Try it: What is needed is an exact repeat of the lines from the one holding "This paper proposes" through the final line of the data, with no pictures.

Exercise data:

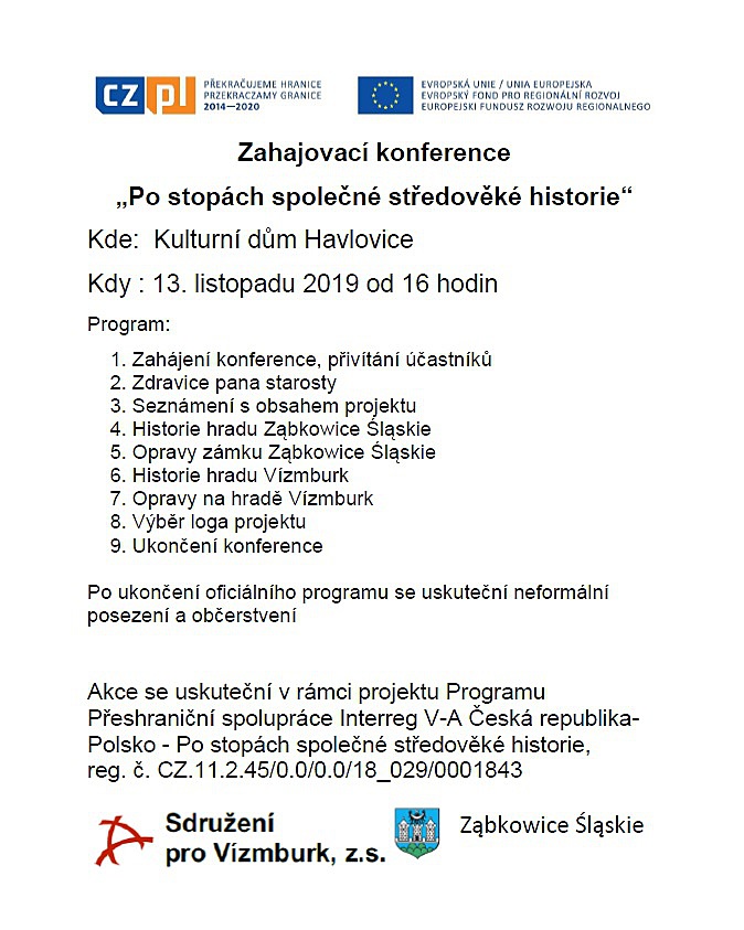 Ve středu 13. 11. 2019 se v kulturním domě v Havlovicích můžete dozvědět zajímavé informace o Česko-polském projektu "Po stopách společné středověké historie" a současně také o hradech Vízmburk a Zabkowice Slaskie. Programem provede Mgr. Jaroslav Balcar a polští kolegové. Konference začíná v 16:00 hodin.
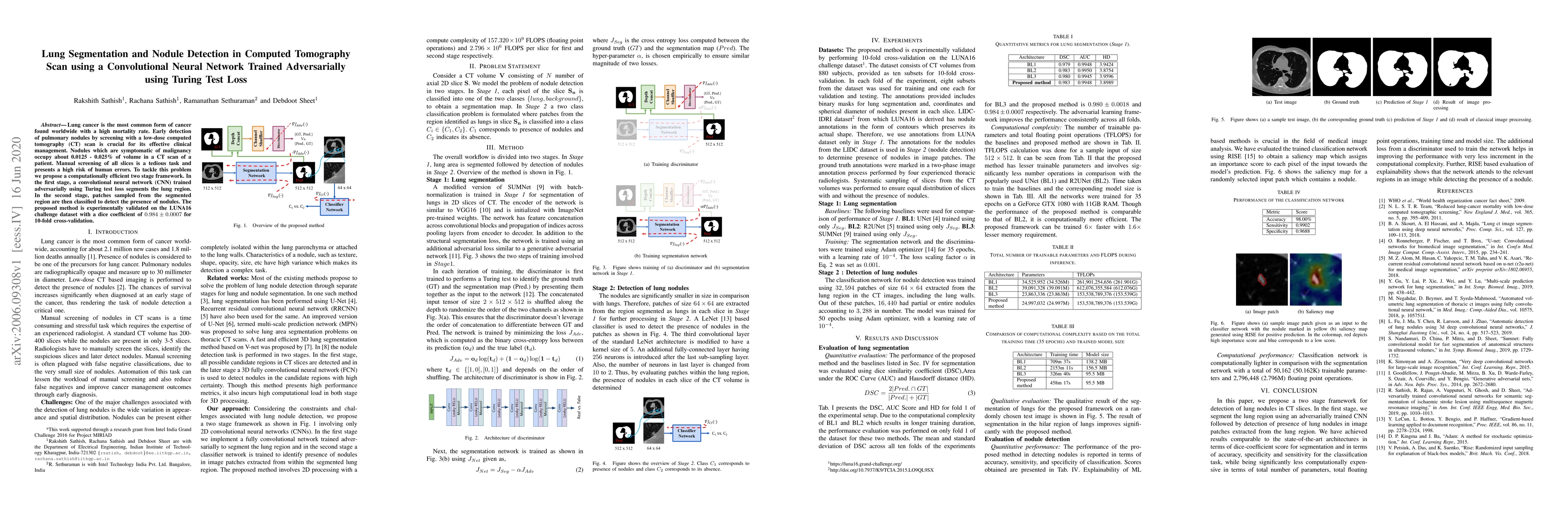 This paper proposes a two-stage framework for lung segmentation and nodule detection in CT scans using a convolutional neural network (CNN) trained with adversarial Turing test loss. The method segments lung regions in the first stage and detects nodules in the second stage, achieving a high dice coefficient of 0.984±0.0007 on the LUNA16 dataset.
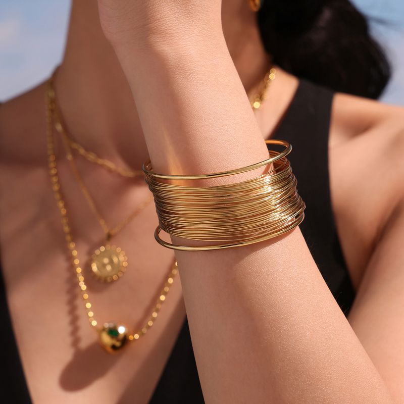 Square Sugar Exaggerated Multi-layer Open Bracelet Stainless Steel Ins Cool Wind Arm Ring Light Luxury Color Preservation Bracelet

Expected answer:
 This paper proposes a two-stage framework for lung segmentation and nodule detection in CT scans using a convolutional neural network (CNN) trained with adversarial Turing test loss. The method segments lung regions in the first stage and detects nodules in the second stage, achieving a high dice coefficient of 0.984±0.0007 on the LUNA16 dataset.
 Square Sugar Exaggerated Multi-layer Open Bracelet Stainless Steel Ins Cool Wind Arm Ring Light Luxury Color Preservation Bracelet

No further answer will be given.